Start of Block

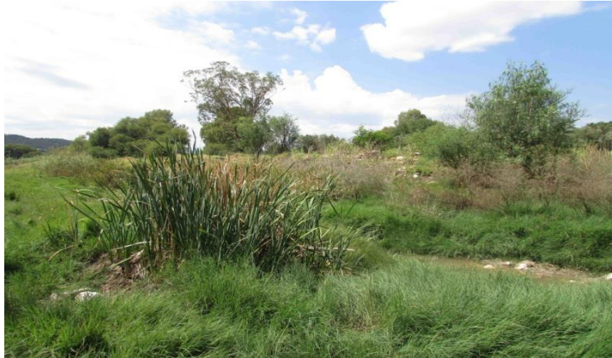
Figure 4. Landscape feature of the project site.

as the University of Stellenbosch in South Africa that is confined to core commercial function. As envisaged in the case of Okahandja, the IUC should include mixed residential complexes, tourism-related retail and leisure, education and research, health and culture infrastructure services. The inclusion and connectivity (the connection between the different urban activities) were some of the key points discussed during the stakeholder engagement meetings, under workshop sessions. In general, the proposed inclusive urban campus initiative is expected to create synergies with the existing town infrastructure layout within the boundaries of Okahandja including the recent Osona Village Development, adjacent to the project site.
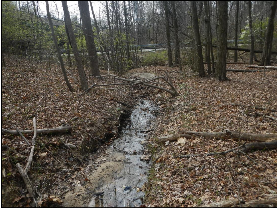
Waters 12S – Intermittent
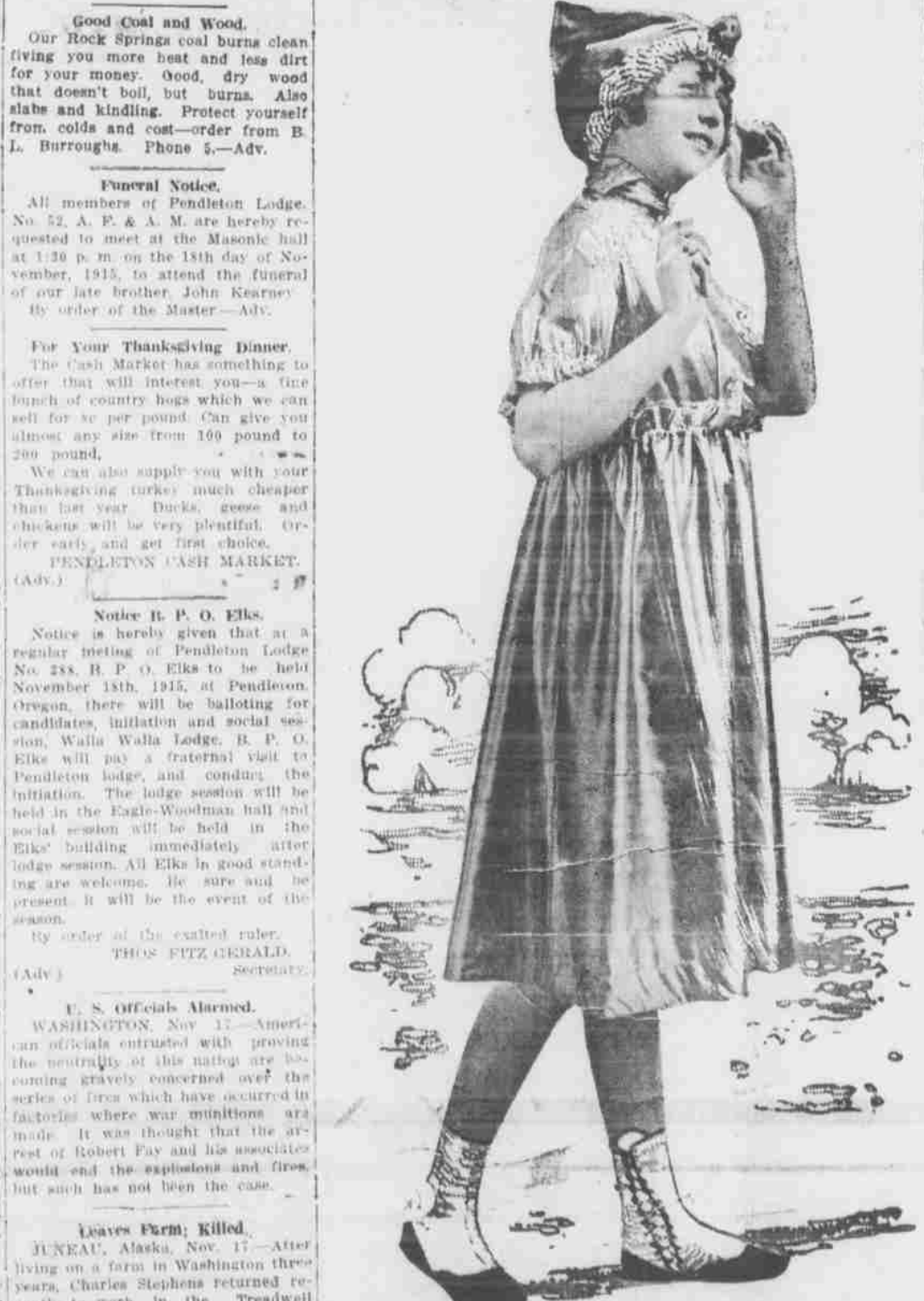
As you must look on Florida sands,

will be down there by the thousands some at Palm Beach unlike a lo
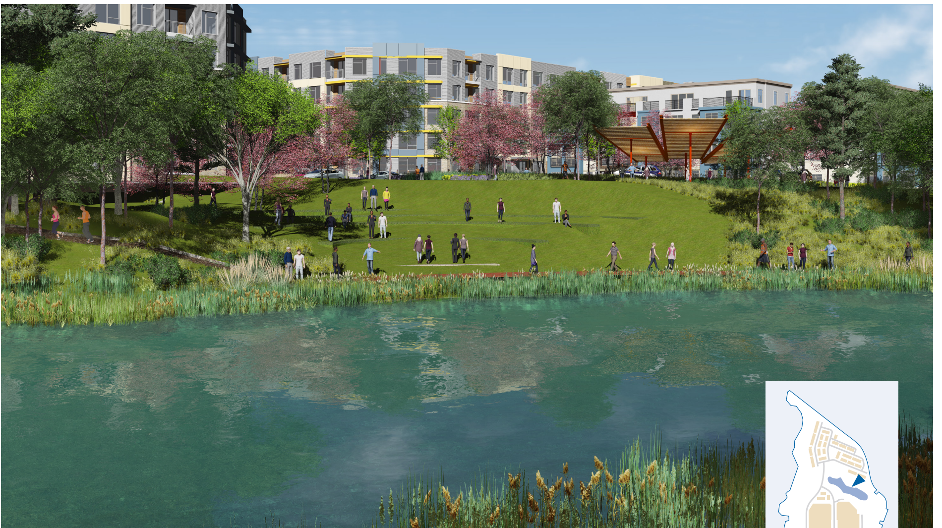
VIEW ACROSS POND TO AMENITY AREA

End of Block

About this exercise: Your response must restate every record above exactly, with each picture omitted.

Problem solution:
Figure 4. Landscape feature of the project site.

as the University of Stellenbosch in South Africa that is confined to core commercial function. As envisaged in the case of Okahandja, the IUC should include mixed residential complexes, tourism-related retail and leisure, education and research, health and culture infrastructure services. The inclusion and connectivity (the connection between the different urban activities) were some of the key points discussed during the stakeholder engagement meetings, under workshop sessions. In general, the proposed inclusive urban campus initiative is expected to create synergies with the existing town infrastructure layout within the boundaries of Okahandja including the recent Osona Village Development, adjacent to the project site.
Waters 12S – Intermittent
As you must look on Florida sands,

will be down there by the thousands some at Palm Beach unlike a lo
VIEW ACROSS POND TO AMENITY AREA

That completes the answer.